Tires: Light truck tire inflation, truck tire inflation, goodyear wrangler silentarmor


Question
The OEM tires on my 1994 Chevrolet K-1500  "Work Truck"regular cab long bed 4x4 V-6 manual transmission truck with heavy-duty chassis were 225/75R16 standard load Goodyear Wrangler on/off road tires on standard 7x16" steel wheels.  Mfrs recommended inflation is 50 psi, which equates to 1765 pounds of load capacity per wheel.  I have replaced the aged OEM tires with new Goodyear Wrangler "SilentArmor" 265/75R16 Load Range E service rating 123/120R.  Most truck miles are zero to light load at 55-75 mph on the highway.  Should I inflate to 35 psi because that matches the load capacity of the OEM tire at 50 psi (1765 pounds per wheel), or to 50 psi because that matches the OEM inflation recommendation?  Whatever your answer, why?

Answer
Harry,

There are a couple of things I need to clarify.

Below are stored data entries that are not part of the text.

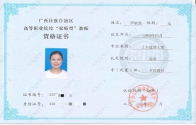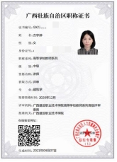 教授职称证书 | 广西高校职业院校高级双师型教师资格证书 |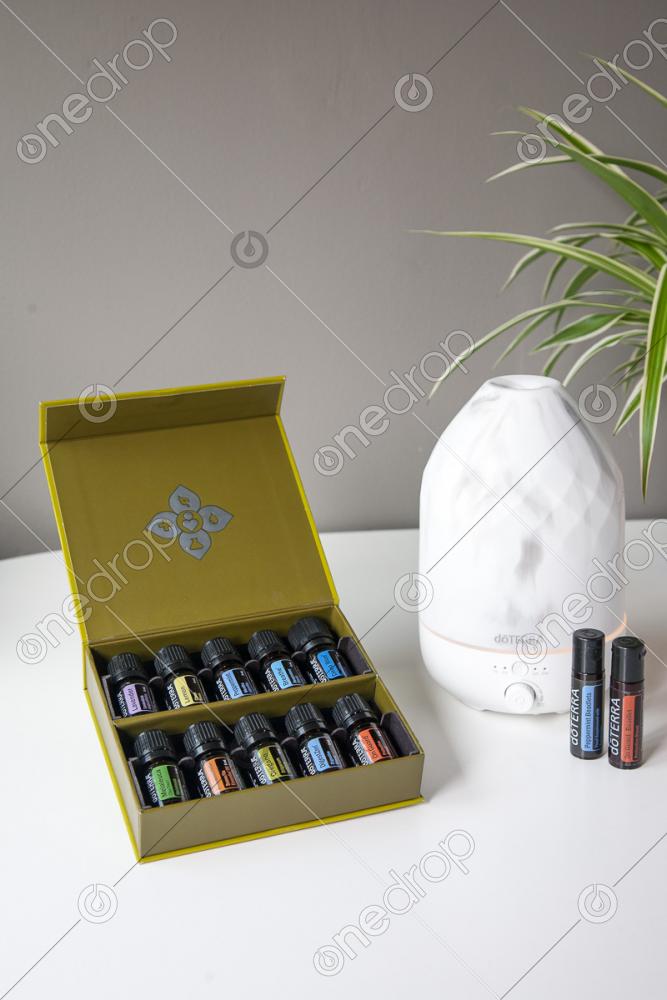 Family Essentials Kit with beadlets, Volo marble diffuser and plant in the background.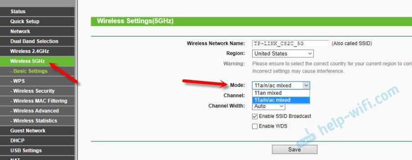 Если у вас двухдиапазонный маршрутизатор TP-Link, то для смены режима работы диапазона 5 GHz перейдите в соответствующий раздел.

The load carrying capacity of an LT225/75R16 at 50 psi is 1765 # for a dual application and 1910 # for a single wheel application.  Obviously a K1500 is a single wheel.

But you are pretty close about the load carrying capacity - I actually got 36 psi, but that's minor.

You should match the load carrying capacity, not the pressure.

Obviously we would want the footprint of the tire to be about the same, and matching the load does that.

However, the spring rate of the tire is a function of inflation pressure, and matching the pressure would more closely match the spring rate.  But by comparison, the spring rate is not nearly as important as the footprint.